The Idea: It isn’t lack of ambition or credentials that is keeping women from running things in America, says Miller. The real issue is time. These days, “senior roles have to consume their every waking moment,” Miller says. “Women don’t ‘lean in’ [as Sheryl Sandberg wants] because they don’t like the world they’re being asked to lean into.” Miller says it doesn’t have to be this way, and offers four tips to break free from the long workday and “put the clock at the heart of this debate.”

Sum-it-up Quote: “The real barrier to getting more women to the top is the unsexy but immensely difficult issue of time commitment: Today’s top jobs in major organizations demand 60-plus hours of work a week.”

(MORE: TIME Cover Story: Confidence Woman)

The GOP and the Budget Boilerplate Gap in the Washington Post

Who: Michael Gerson, Washington Post columnist

The Idea: In corner A, we have Republican Rep.
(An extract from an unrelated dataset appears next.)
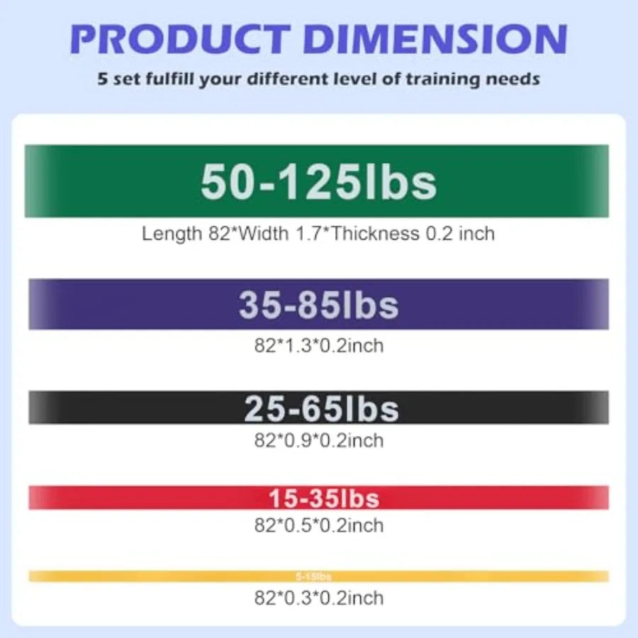 • 【Diverse Resistance Levels】5 resistance levels, each color-coded is different resistance and width, fulfill your different level of training needs,can be used alone or combined multiple workout bands to increase the challenge. Build your ideal body

Paul Ryan’s budget proposal, “The Path to Prosperity.” In corner B, we have Democratic Sen. Patty Murray’s proposal, the first Democratic budget in four years. Neither proposal is worth criticizing, says Gerson, because neither deserves a vote in Congress. “But the broad contrast in approaches is instructive,” he says. And somewhere between the two lies a serious budget that could be good for the future of America.

Sum-it-up Quote: “A serious budget lies somewhere in the vast gap between the Ryan and Murray budget proposals.”

(MORE: Ryan’s Latest Budget: Wrong Problem, Wrong Solution)

Rob Portman: Gay Couples Also Deserve a Chance to Get Married in The Columbus Dispatch

Who: Rob Portman, Republican Senator from Ohio

The Idea: For years, congressman and now Senator Rob Portman strongly and vocally opposed same-sex marriage. Then, two years ago, his son told him that he was gay, and now Portman himself is coming out — in support of gay marriage. As a Christian, Portman rooted his former position in his faith, but after considering it further, he realized that “gay couples’ desire to marry doesn’t amount to a threat but rather a tribute to marriage, and a potential source of renewed strength for the institution.”

Sum-it-up Quote: “I wrestled with how to reconcile my Christian faith with my desire for Will to have the same opportunities to pursue happiness and fulfillment as his brother and sister. Ultimately, it came down to the Bible’s overarching themes of love and compassion and my belief that we are all children of God.”